→ DATA SHOWN:

——

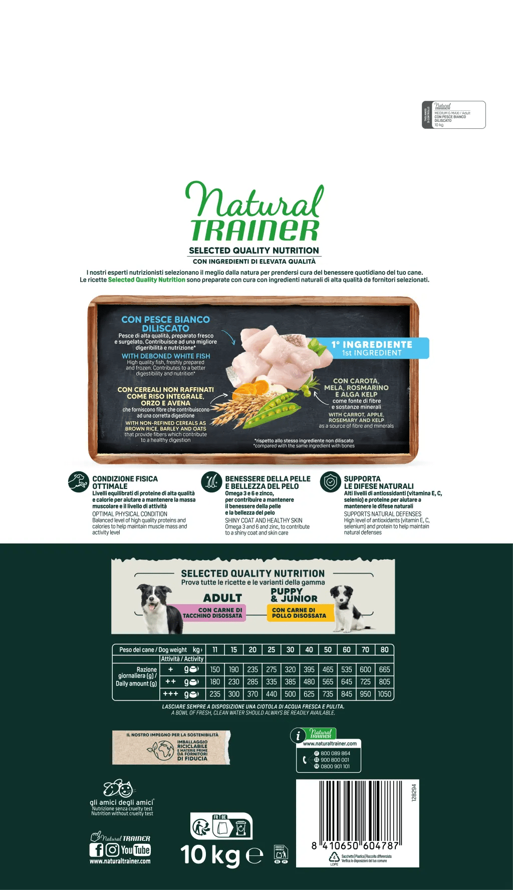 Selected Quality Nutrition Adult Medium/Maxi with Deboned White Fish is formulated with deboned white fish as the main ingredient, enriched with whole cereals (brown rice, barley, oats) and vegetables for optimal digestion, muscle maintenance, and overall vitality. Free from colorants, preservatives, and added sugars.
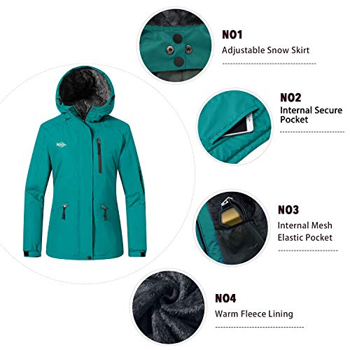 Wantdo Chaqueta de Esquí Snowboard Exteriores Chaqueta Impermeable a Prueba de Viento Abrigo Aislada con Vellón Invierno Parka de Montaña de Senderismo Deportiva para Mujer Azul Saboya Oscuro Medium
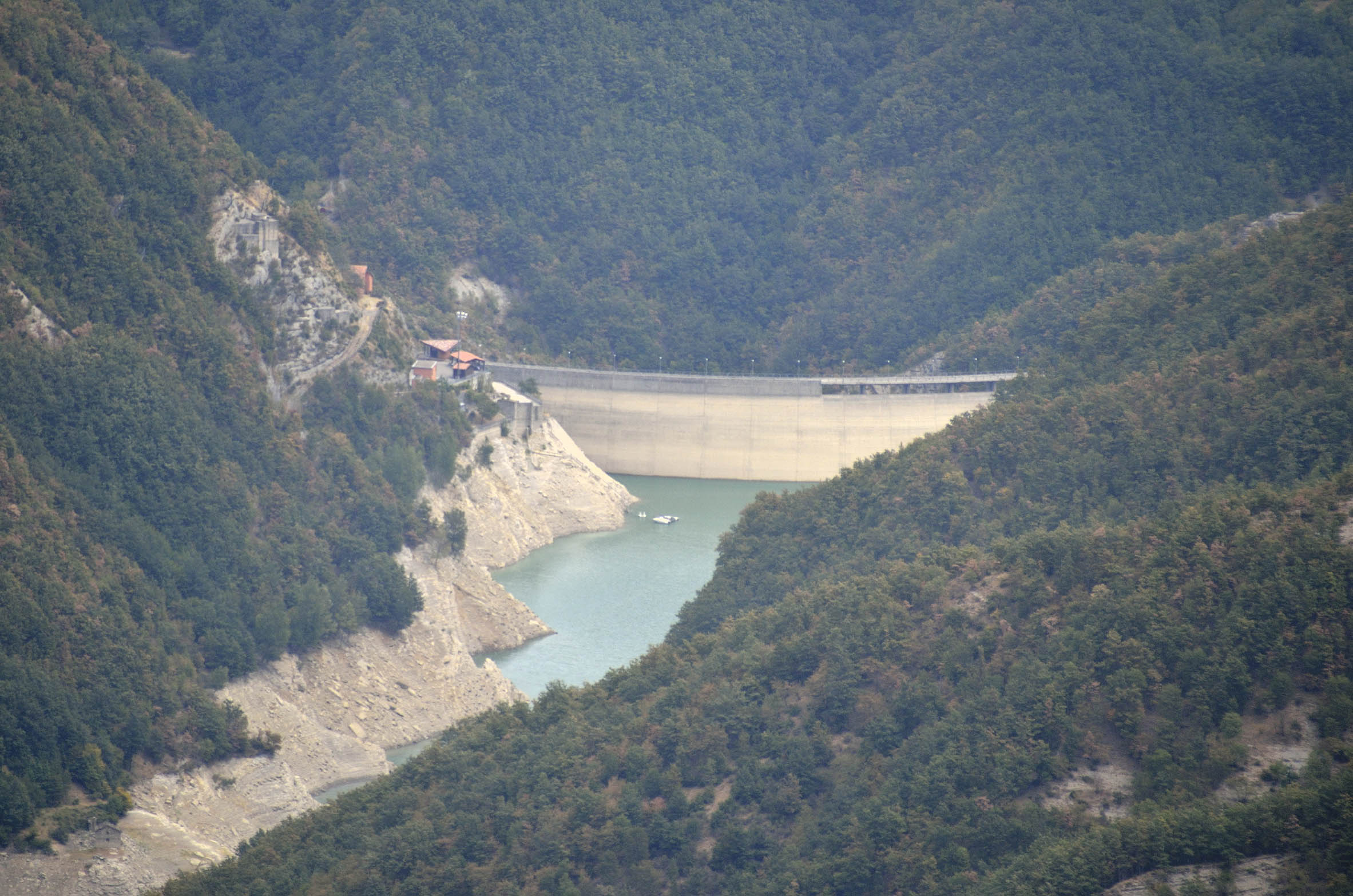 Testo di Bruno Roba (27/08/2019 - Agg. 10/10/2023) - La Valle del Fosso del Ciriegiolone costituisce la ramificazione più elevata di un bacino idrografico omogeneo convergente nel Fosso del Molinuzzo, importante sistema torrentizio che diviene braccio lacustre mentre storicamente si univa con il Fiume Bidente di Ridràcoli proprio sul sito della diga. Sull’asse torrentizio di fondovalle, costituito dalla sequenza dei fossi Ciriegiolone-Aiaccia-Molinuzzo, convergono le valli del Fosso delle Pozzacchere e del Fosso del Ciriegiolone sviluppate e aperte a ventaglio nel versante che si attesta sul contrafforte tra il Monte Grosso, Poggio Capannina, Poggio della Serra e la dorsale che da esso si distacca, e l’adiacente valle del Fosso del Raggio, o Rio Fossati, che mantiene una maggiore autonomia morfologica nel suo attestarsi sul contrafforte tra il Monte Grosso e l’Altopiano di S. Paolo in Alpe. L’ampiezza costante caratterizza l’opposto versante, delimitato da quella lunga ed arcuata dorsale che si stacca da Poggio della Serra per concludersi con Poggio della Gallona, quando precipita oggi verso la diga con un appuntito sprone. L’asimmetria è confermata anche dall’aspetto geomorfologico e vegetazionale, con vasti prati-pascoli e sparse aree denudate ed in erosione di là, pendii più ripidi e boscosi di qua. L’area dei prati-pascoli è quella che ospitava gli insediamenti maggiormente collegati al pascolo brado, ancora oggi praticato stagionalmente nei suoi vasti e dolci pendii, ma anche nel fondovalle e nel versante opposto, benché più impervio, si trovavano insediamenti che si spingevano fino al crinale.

——

→ TASK GOAL:
Each line of the material needs to be given again exactly, without any of its pictures.

→ RESPONSE AREA:
 Selected Quality Nutrition Adult Medium/Maxi with Deboned White Fish is formulated with deboned white fish as the main ingredient, enriched with whole cereals (brown rice, barley, oats) and vegetables for optimal digestion, muscle maintenance, and overall vitality. Free from colorants, preservatives, and added sugars.
 Wantdo Chaqueta de Esquí Snowboard Exteriores Chaqueta Impermeable a Prueba de Viento Abrigo Aislada con Vellón Invierno Parka de Montaña de Senderismo Deportiva para Mujer Azul Saboya Oscuro Medium
 Testo di Bruno Roba (27/08/2019 - Agg. 10/10/2023) - La Valle del Fosso del Ciriegiolone costituisce la ramificazione più elevata di un bacino idrografico omogeneo convergente nel Fosso del Molinuzzo, importante sistema torrentizio che diviene braccio lacustre mentre storicamente si univa con il Fiume Bidente di Ridràcoli proprio sul sito della diga. Sull’asse torrentizio di fondovalle, costituito dalla sequenza dei fossi Ciriegiolone-Aiaccia-Molinuzzo, convergono le valli del Fosso delle Pozzacchere e del Fosso del Ciriegiolone sviluppate e aperte a ventaglio nel versante che si attesta sul contrafforte tra il Monte Grosso, Poggio Capannina, Poggio della Serra e la dorsale che da esso si distacca, e l’adiacente valle del Fosso del Raggio, o Rio Fossati, che mantiene una maggiore autonomia morfologica nel suo attestarsi sul contrafforte tra il Monte Grosso e l’Altopiano di S. Paolo in Alpe. L’ampiezza costante caratterizza l’opposto versante, delimitato da quella lunga ed arcuata dorsale che si stacca da Poggio della Serra per concludersi con Poggio della Gallona, quando precipita oggi verso la diga con un appuntito sprone. L’asimmetria è confermata anche dall’aspetto geomorfologico e vegetazionale, con vasti prati-pascoli e sparse aree denudate ed in erosione di là, pendii più ripidi e boscosi di qua. L’area dei prati-pascoli è quella che ospitava gli insediamenti maggiormente collegati al pascolo brado, ancora oggi praticato stagionalmente nei suoi vasti e dolci pendii, ma anche nel fondovalle e nel versante opposto, benché più impervio, si trovavano insediamenti che si spingevano fino al crinale.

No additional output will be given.